Dioxus - Reactive framework. Document markup is html with its own syntax, styling is CSS but all scripting is rust. Cross platform (web, android, ios [xcode required], linux, mac, windows) but using webviews for all of those, definitely Web first.

slint - Reactive framework again, has its own Domain Specific Language (DSL) for markup that's not too distant from an html/css hybrid. Simple scripting can be done in the DSL but it also ties trivially into the rust side. This does its own rendering rather than generating html documents or using a webview, I believe even when targeting the web (via wasm).
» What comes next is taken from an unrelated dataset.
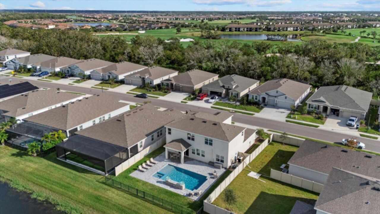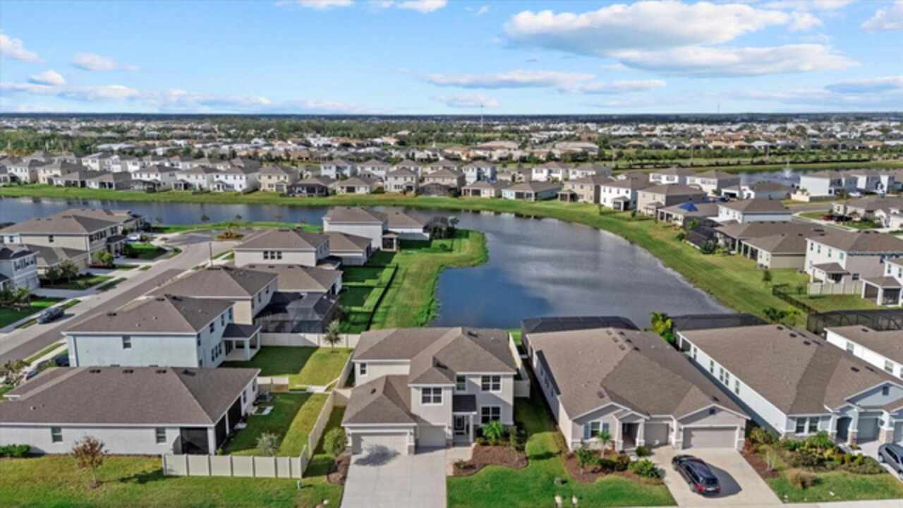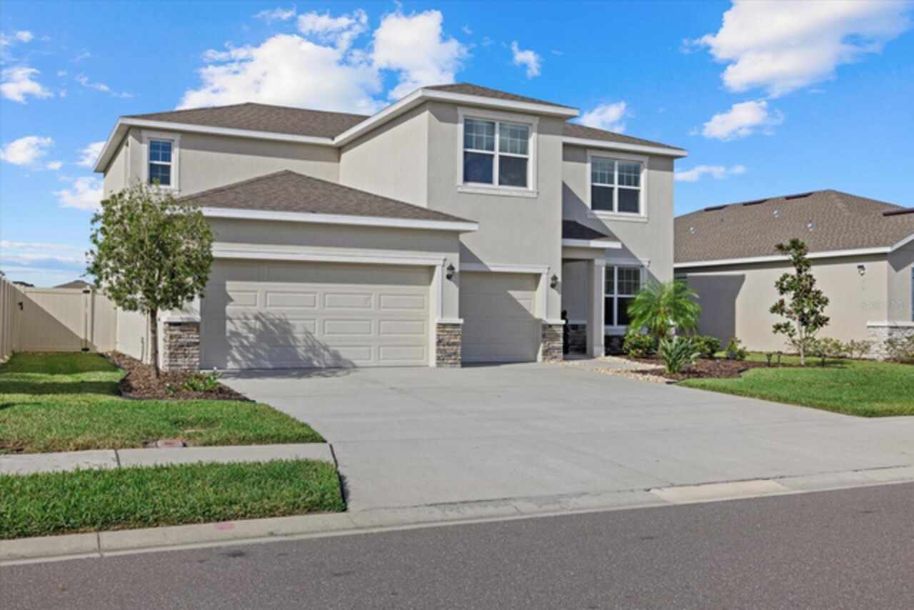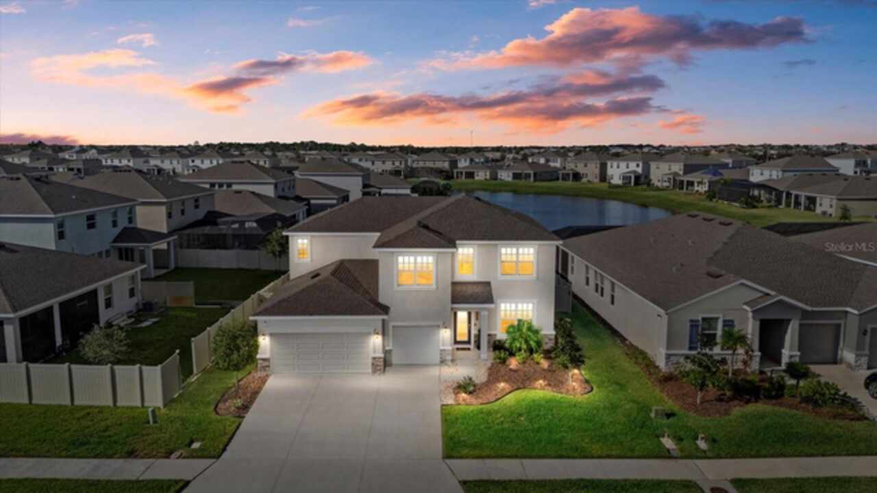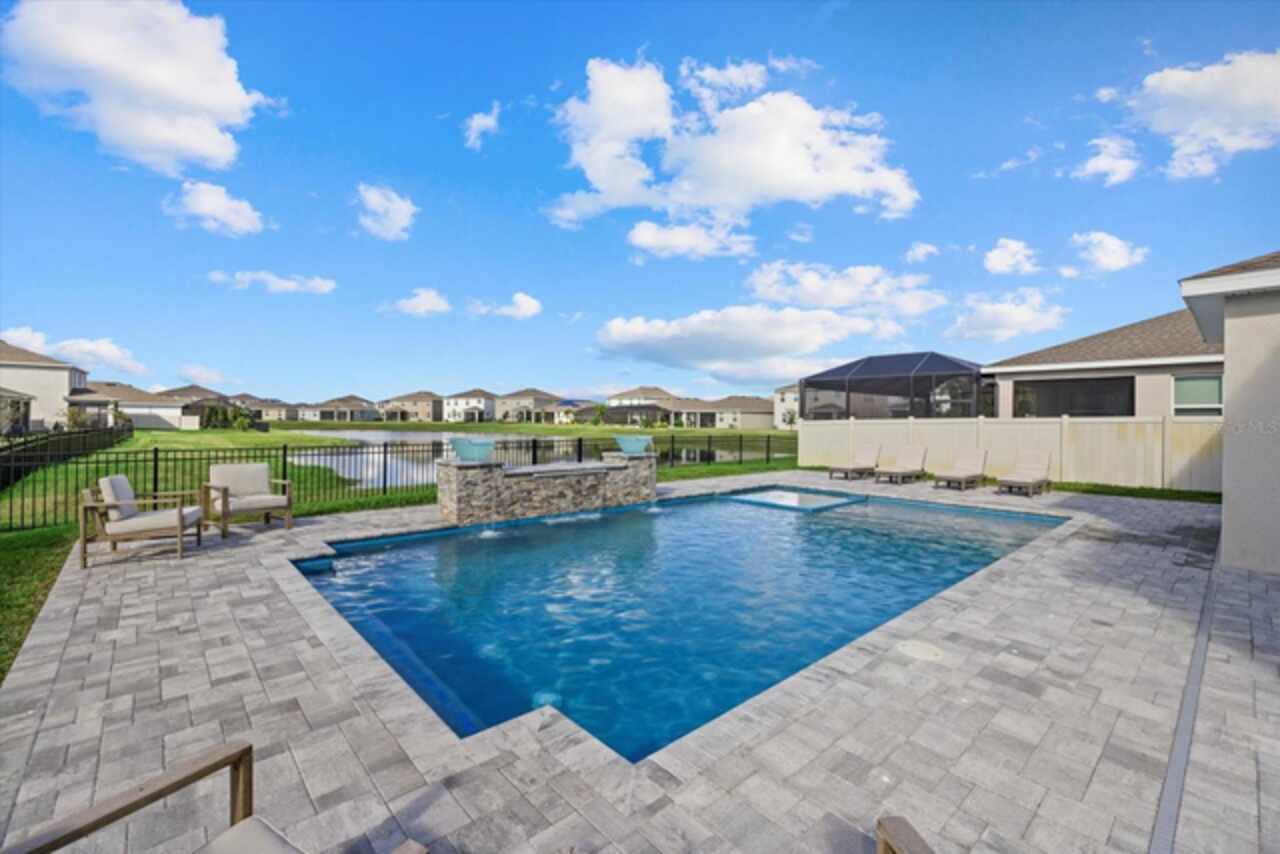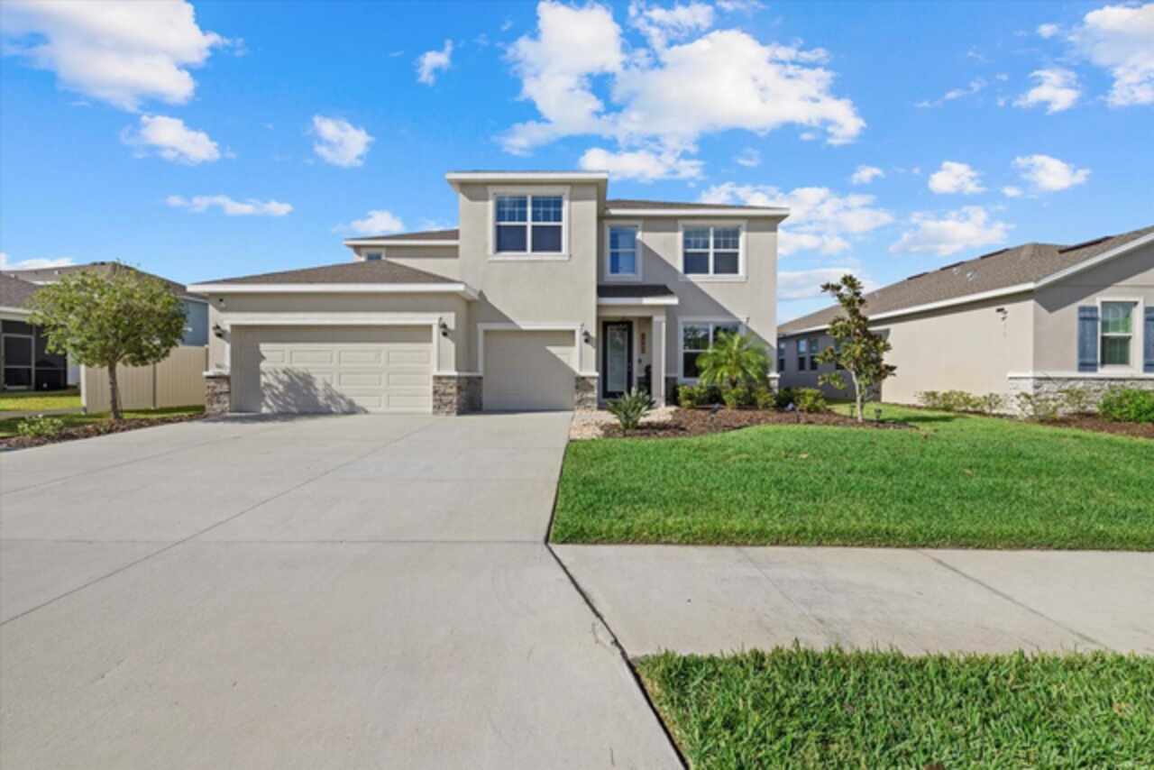 Discover the exquisite D.R. Horton's Jordyn Model home in the sought-after Solera community of Lakewood Ranch—the nation's best-selling multi-generational community known for its family-centric charm and modern living. Offering over 3, 000 square feet of living space, this meticulously maintained home is ideal for growing families and entertaining. The striking curb appeal and tasteful interior paint reflect the owners' pride of ownership. Upon entry, a showroom-quality epoxy floor in the expansive three-car garage sets the stage for the impressive details inside. The living room features a striking split face stone wall, while the owner's suite is enhanced by a custom board and batten accent wall. The open floor plan offers flexibility, with a bonus room near the foyer for work or leisure. A spacious guest bedroom on the first floor includes a full bathroom, providing privacy and comfort for visitors. The gourmet kitchen blends style and function with granite countertops, a large island, elegant cabinetry, modern light fixtures, and stainless steel appliances—all included. It flows seamlessly into the great room, dining area, and covered lanai, creating an ideal space for entertaining. Upstairs, plush carpeting leads to a versatile loft perfect for a game room or home theater. Each generously sized bedroom offers beautiful views. The luxurious owner's retreat features two walk-in closets, dual sinks, granite countertops, and a garden tub for ultimate relaxation. The highlight of this home is the stunning pool with spa—a private backyard oasis perfect for swimming, relaxing, and outdoor entertaining. The fenced backyard combines PVC and iron fencing, offering privacy while framing breathtaking pond views and picturesque sunrises and sunsets. Situated in a prime location, this home is minutes from upscale shopping, fine dining, scenic parks, top-rated golf courses, and Florida's renowned beaches. With easy access to Sarasota, St. Petersburg, and Tampa, the best of the Sunshine State is within reach. Solera residents enjoy resort-style amenities, including a luxurious pool, elegant clubhouse, top-tier schools, and a charming tot-lot. This community seamlessly blends luxury and comfort, creating an idyllic environment for families to thrive. Don't miss the opportunity to own this extraordinary home. Schedule your private showing today and experience the beauty and sophistication for yourself.

Tauri - Gets brought up a lot when talking about web apps in rust, but I haven't dug into it.

If looking into any of these sounds like the sort of thing you might be after, then I suggest having a scroll through AreWeGuiYet for other rust GUI frameworks. If I remember correctly, a significant fraction of those target web technologies, althought the filters on that website have never been all that useful.

[–] [email protected] 2 points 3 days ago (1 children)

DOM interfacing is lackluster with wasm still, but you can certainly compile rust to wasm.

[–] [email protected] 1 points 3 days ago

Yep. And that's the route I'm looking at now. Thanks!